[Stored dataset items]
□ □ □ □ □

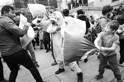 数百名民众4月7日在加拿大温哥华市中心参加“枕头大战”,释放压力,愉悦身心。图为人们在加拿大温哥华参加“枕头大战”。
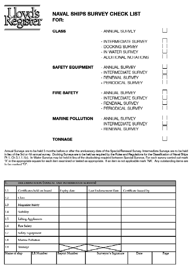 Clasifications Register Guidance Information - Naval Survey Guidance for Steel Ships, January 2001 - Chapter 24 Appendix 5 Form 2113(N) - Section 1 Form 2113(N)
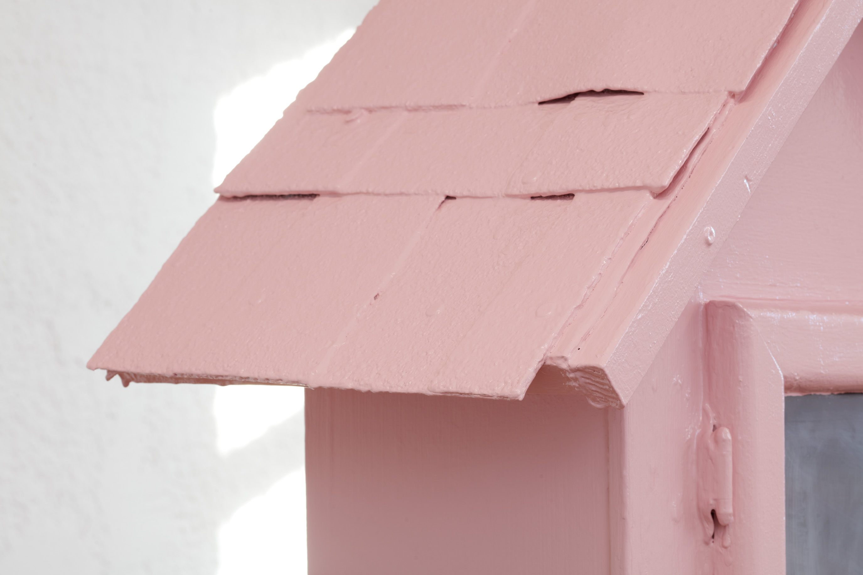 Detail. Louis Blue Newby, Commons, 2025. Found Little Free Library, pornography and erotic literature, Farrow & Ball No. 278 Nancy’s Blushes Full Gloss, 60.5 x 25.5 x 13 in. (153.7 x 64.8 x 33 cm).
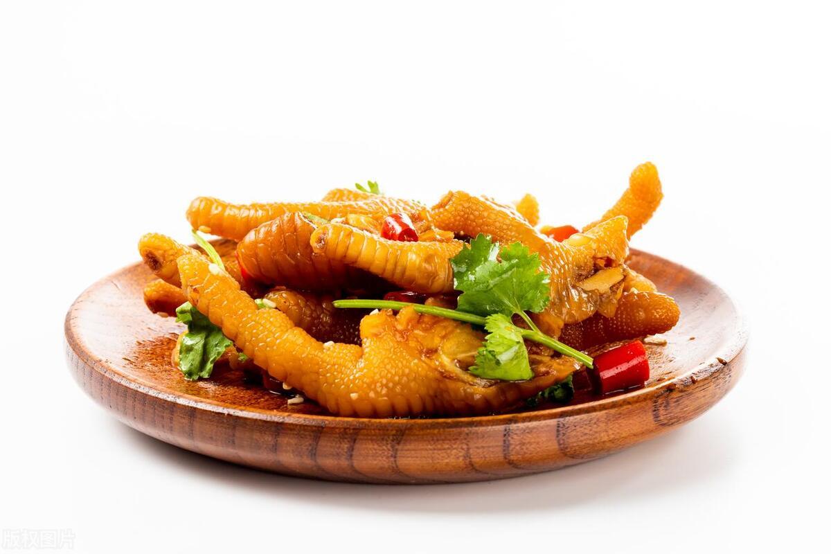8、雞爪,雖然雞爪富含膠原蛋白,但同時也是高脂肪、高熱量的食品。100g雞爪的熱量超過了250大卡,2只雞爪就相當於一碗米飯的熱量了,減肥的人一定要遠離。
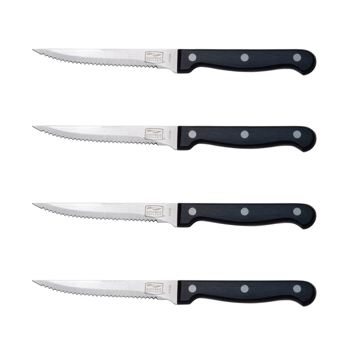 - 4.5 英寸刀片:我们的 4.5 英寸刀片采用优质不锈钢制成,锋利耐用,可轻松切开牛排和其他类型的肉类。
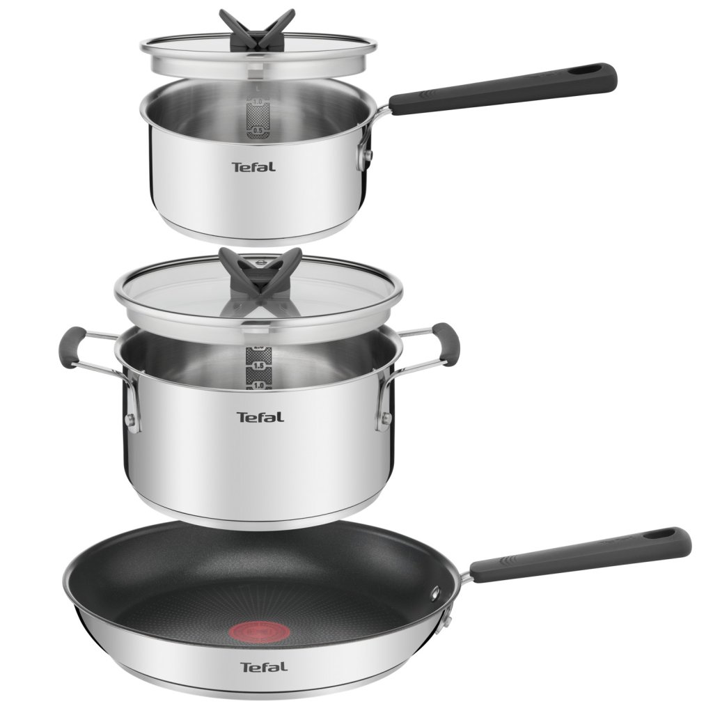 Patelnie i garnki OPTI'SPACE G737S544, zestaw 5 sztuk, srebrne, stal nierdzewna, Tefal
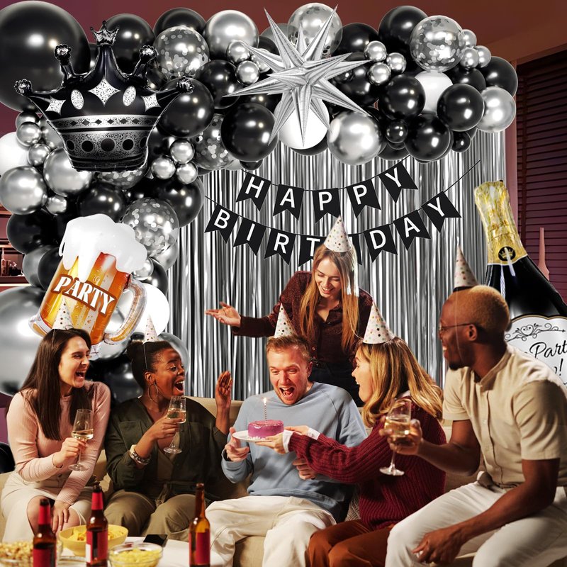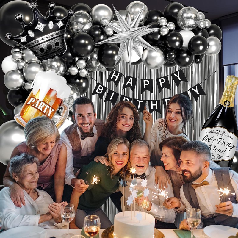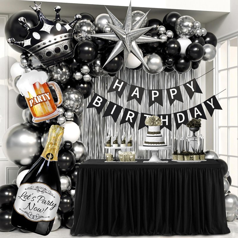 - Complete Party Set: This men birthday decorations set includes balloons, happy birthday banner, 2 fringe curtains, and foil balloons. The black and silver balloons with male themed foil balloons creates a mature atmosphere, faultless for your celebration
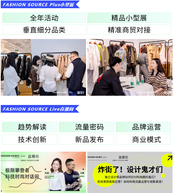 Fashion Source深耕產(chǎn)業(yè)二十余年,如今不僅只是紡織服裝行業(yè)上下游彼此互聯(lián)、獲取訂單的傳統(tǒng)展貿(mào)平臺(tái),更是引領(lǐng)產(chǎn)業(yè)趨勢(shì)、釋放前瞻訊號(hào)、扶持新銳力量、打造行業(yè)標(biāo)桿的全球性發(fā)布平臺(tái)。從展期延展至全年365天,F(xiàn)ashion Source將不斷推出系列精彩紛呈的活動(dòng),一切以實(shí)現(xiàn)高效商貿(mào)交流為目標(biāo),建立起以秀展聯(lián)動(dòng)、趨勢(shì)發(fā)布、論壇發(fā)聲、商貿(mào)配對(duì)、商業(yè)落地為核心的完整供應(yīng)鏈展會(huì)體系。
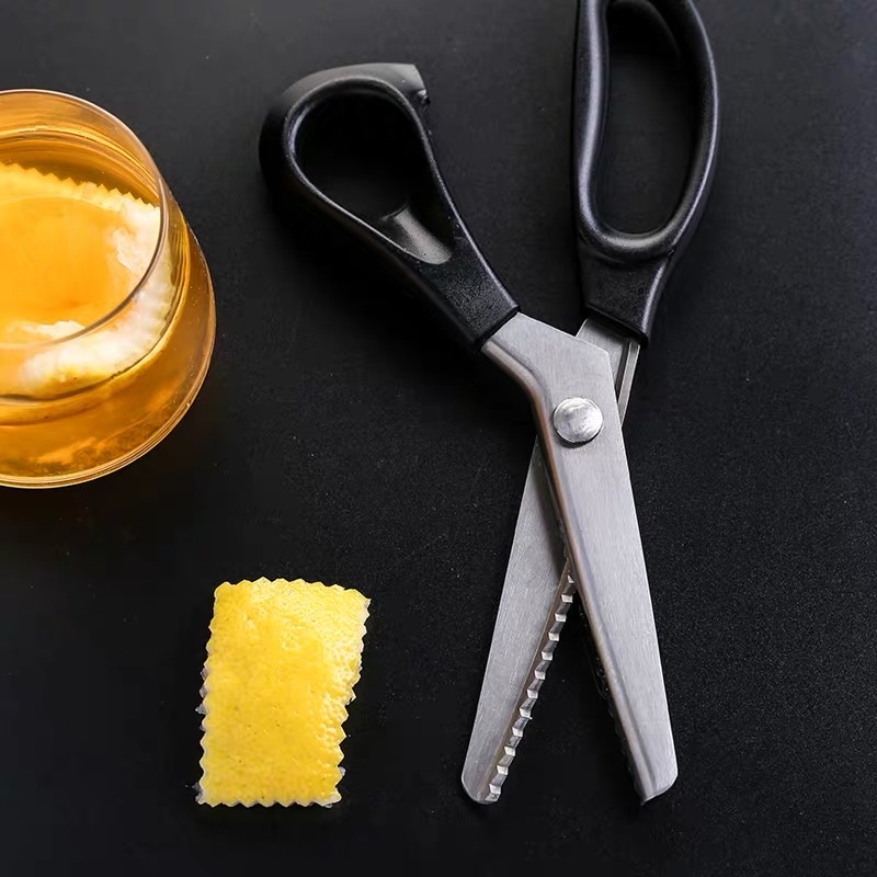 Stainless Steel Lemon Peel Scissors Orange Peel Cut Cocktail decorated with lace cut planing leather knife black shank wave scissors
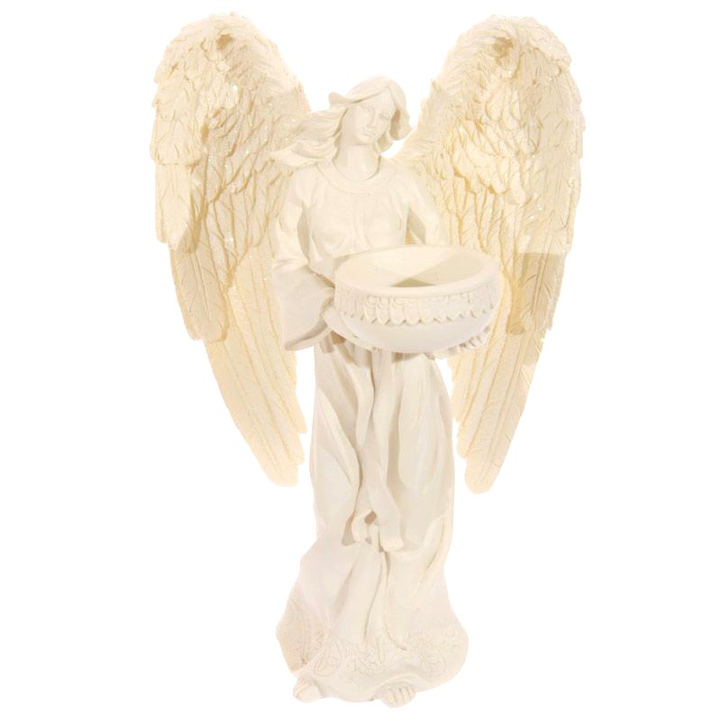 Kaunis enkelituikku-alunen, jossa huolellisesti viimeistelty enkeli pitelee käsissään tuikkualusta.
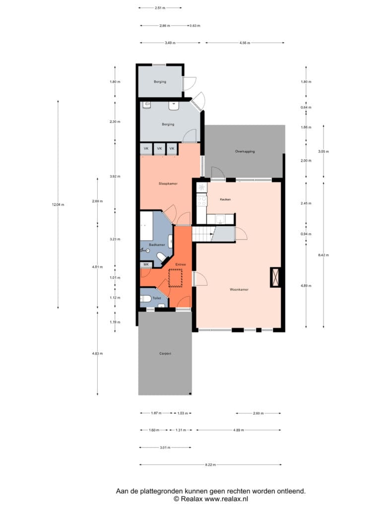 Via de ruime carport komen we binnen. Ruime hal met lichtkoepel, meterkast, toilet en trapopgang. De woonkamer ligt aan de voorzijde en is voorzien van sfeervolle houtkachel en houten vloer. De keuken ligt aan de achterzijde en heeft diverse inbouwapparatuur. De mooie tuin met heerlijke overkapping is vanuit de keuken bereikbaar. Via de hal bereiken we ook de slaapkamer met badkamer. De slaapkamer is ruim en er is een handige ingebouwde kast. De badkamer is voorzien van douche, ligbad, tweede toilet en wastafel. De berging/bijkeuken heeft een wastafel en hier is ook de C.V. opgesteld.

□ □ □ □ □

WORK INSTRUCTIONS:
Transcribe all the lines above exactly, apart from the pictures.

SOLUTION FOR THIS EXERCISE:
 数百名民众4月7日在加拿大温哥华市中心参加“枕头大战”,释放压力,愉悦身心。图为人们在加拿大温哥华参加“枕头大战”。
 Clasifications Register Guidance Information - Naval Survey Guidance for Steel Ships, January 2001 - Chapter 24 Appendix 5 Form 2113(N) - Section 1 Form 2113(N)
 Detail. Louis Blue Newby, Commons, 2025. Found Little Free Library, pornography and erotic literature, Farrow & Ball No. 278 Nancy’s Blushes Full Gloss, 60.5 x 25.5 x 13 in. (153.7 x 64.8 x 33 cm).
8、雞爪,雖然雞爪富含膠原蛋白,但同時也是高脂肪、高熱量的食品。100g雞爪的熱量超過了250大卡,2只雞爪就相當於一碗米飯的熱量了,減肥的人一定要遠離。
 - 4.5 英寸刀片:我们的 4.5 英寸刀片采用优质不锈钢制成,锋利耐用,可轻松切开牛排和其他类型的肉类。
 Patelnie i garnki OPTI'SPACE G737S544, zestaw 5 sztuk, srebrne, stal nierdzewna, Tefal
 - Complete Party Set: This men birthday decorations set includes balloons, happy birthday banner, 2 fringe curtains, and foil balloons. The black and silver balloons with male themed foil balloons creates a mature atmosphere, faultless for your celebration
 Fashion Source深耕產(chǎn)業(yè)二十余年,如今不僅只是紡織服裝行業(yè)上下游彼此互聯(lián)、獲取訂單的傳統(tǒng)展貿(mào)平臺(tái),更是引領(lǐng)產(chǎn)業(yè)趨勢(shì)、釋放前瞻訊號(hào)、扶持新銳力量、打造行業(yè)標(biāo)桿的全球性發(fā)布平臺(tái)。從展期延展至全年365天,F(xiàn)ashion Source將不斷推出系列精彩紛呈的活動(dòng),一切以實(shí)現(xiàn)高效商貿(mào)交流為目標(biāo),建立起以秀展聯(lián)動(dòng)、趨勢(shì)發(fā)布、論壇發(fā)聲、商貿(mào)配對(duì)、商業(yè)落地為核心的完整供應(yīng)鏈展會(huì)體系。
 Stainless Steel Lemon Peel Scissors Orange Peel Cut Cocktail decorated with lace cut planing leather knife black shank wave scissors
 Kaunis enkelituikku-alunen, jossa huolellisesti viimeistelty enkeli pitelee käsissään tuikkualusta.
 Via de ruime carport komen we binnen. Ruime hal met lichtkoepel, meterkast, toilet en trapopgang. De woonkamer ligt aan de voorzijde en is voorzien van sfeervolle houtkachel en houten vloer. De keuken ligt aan de achterzijde en heeft diverse inbouwapparatuur. De mooie tuin met heerlijke overkapping is vanuit de keuken bereikbaar. Via de hal bereiken we ook de slaapkamer met badkamer. De slaapkamer is ruim en er is een handige ingebouwde kast. De badkamer is voorzien van douche, ligbad, tweede toilet en wastafel. De berging/bijkeuken heeft een wastafel en hier is ook de C.V. opgesteld.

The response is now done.